Trouble getting out of bed in the morning. Lack of enthusiasm and energy. Not to mention the schedule change planned for this last Sunday in October, which will shorten the days even more. To be sure, while summer is a distant memory, a month away from its official start, we are in raw autumn, the official season of laziness, gloomy weather, and nasopharyngitis.
So how do you find some fishing? Can we boost our immunity to keep respiratory viruses at bay? For many, the solution is to start a little autumn cure, to recharge with vitamins C, D or magnesium. But between the contributions of food, a possible deficit and the real needs, are these cures really effective? 20 minutes sift through five. And “if avoiding deficiencies is obviously good for health, we should not expect miracles from these cures either, in particular against Covid-19”, insists Thierry Souccar, scientific journalist and author of the book. Let’s stop sabotaging our immunity (Ed. Thierry Souccar).
Also called vitamin of the sun, vitamin D is synthesized by the body when one is exposed to its rays. It plays an essential role in bone health, and also in strengthening the immune system. “In particular, innate immunity, which is the body’s first line of defense against infectious agents such as bacteria, fungi and viruses,” explains Thierry Souccar.
However, as the time change approaches, naturally filling up on this vitamin becomes more complicated. If oily fish and fortified dairy products contain vitamin D, “food barely manages to cover the needs, and between 75 and 80% of the French population is deficient in vitamin D at this time of year”, stresses the scientific journalist . We can know if it is necessary thanks to a laboratory test. And if you have a deficit, taking a vitamin D cure in the fall may be a good idea. Studies show that supplementation can have a preventative effect against classic winter respiratory viruses.” In pharmacies, we will choose “rather vitamin D3 than D2: it is closer to the one produced naturally by the body, which absorbs it better”, advises Thierry Souccar.

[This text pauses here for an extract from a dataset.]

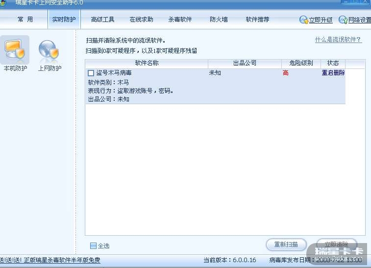 瑞星个人防火墙V16

Considered by many to be the energy vitamin, vitamin C supports brain activity, has antioxidant properties and contributes to the proper functioning of the immune system. “A varied diet, rich in fruits and vegetables, but also in viscera, can satisfy the body’s needs. Numerous studies show a drop in vitamin C status during cold seasons, when we can consume fewer plants than during the summer”, Thierry Souccar points out.

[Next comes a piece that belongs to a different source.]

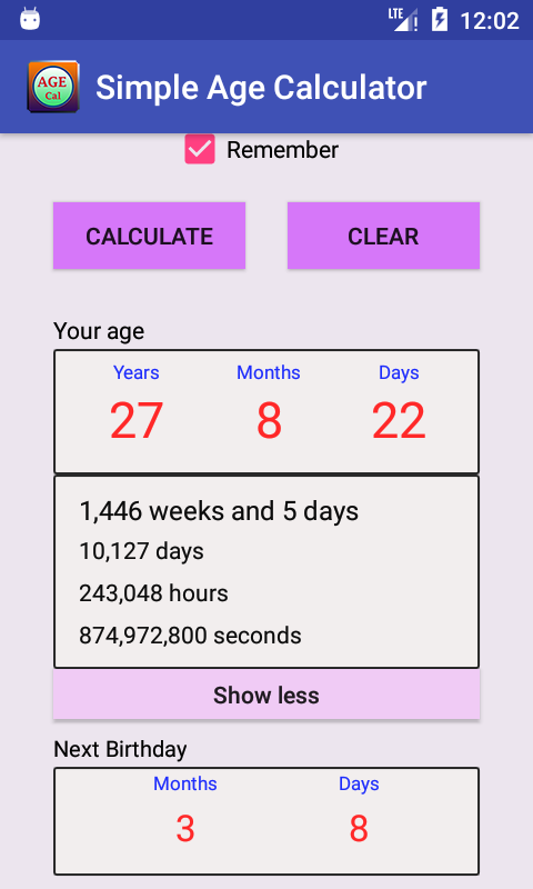 کے پرانے ورژن Simple Age Calculator - age by date of birth

If a good dose of citrus fruits -the clementine season begins- can be enough, in case of a deficit, “a vitamin C cure may be indicated this season, believes the scientific journalist, but this supplementation is not essential”. In reality, it depends on the quantity and quality of the calories consumed: it will be more difficult to ensure a sufficient intake of vitamins and minerals if a diet is too rich in ultra-processed products or too low in calories. Especially if you smoke or if you have respiratory function disorders, where the body will have greater needs for vitamin C”, he continues. It would be a shame, in the middle of cold weather, vitamin C is a precious ally to reduce the duration and intensity.
Little known, zinc is a valuable trace element, which helps the growth and proper functioning of the immune system. On the plate it can be found in crustaceans, shellfish, red meat or eggs, which is better assimilated by the body than that contained in whole grains and vegetable proteins. However, “almost 20% of the population would be in a deficit situation, in particular vegetarians or vegans and the elderly,” says Thierry Souccar.
However, “it’s best not to be missed when the risk of viral infection is high, as is the case right now, as zinc has the effect of disrupting the replication of many viruses in the body,” he adds. It is probably one of the best allies against colds and certain viral infections, either in prevention or to reduce their duration. Supplementation may be indicated for certain profiles, as long as you take the right dose, not too much and not too little, that is, around 15 mg per day.
It is one of the most popular cures of the season. Magnesium is an essential mineral to help the brain with energy production, protect against stress, and slow the aging process. Again, food may be enough to increase your intake, particularly shellfish and oilseeds, “or even mineral waters naturally rich in magnesium, suggests Thierry Souccar. This can help you better resist stress and regain some energy.
If you still want to make a cure, “you have to know that there are different qualities. There is organic magnesium, a little more expensive but better absorbed by the body, and inorganic – including marine magnesium – which requires a higher dose for the same benefits, but can have a laxative effect, ”she warns.
If most people do not necessarily think of taking a probiotic cure, they are, however, the key players in our second brain: the intestinal microbiota, and they play a fundamental role in our body. “Probiotics are live bacteria naturally present in dairy products and other fermented foods such as miso or kefir,” says Thierry Souccar. Therefore, feeding may be sufficient to ensure the quality of the intestinal flora”.
Essential probiotics for health and immune defenses, since “alterations in the microbiota can promote and aggravate respiratory infections, and on the contrary, when the flora harbors a good diversity of probiotics, resistance to winter infections would be reinforced, but its duration and intensity would also be reduced. , he underlines. They could also improve the effectiveness of flu shots in the elderly, who develop a weaker immune response. Therefore, supplementation may be interesting in the fall for people over 65 years of age”.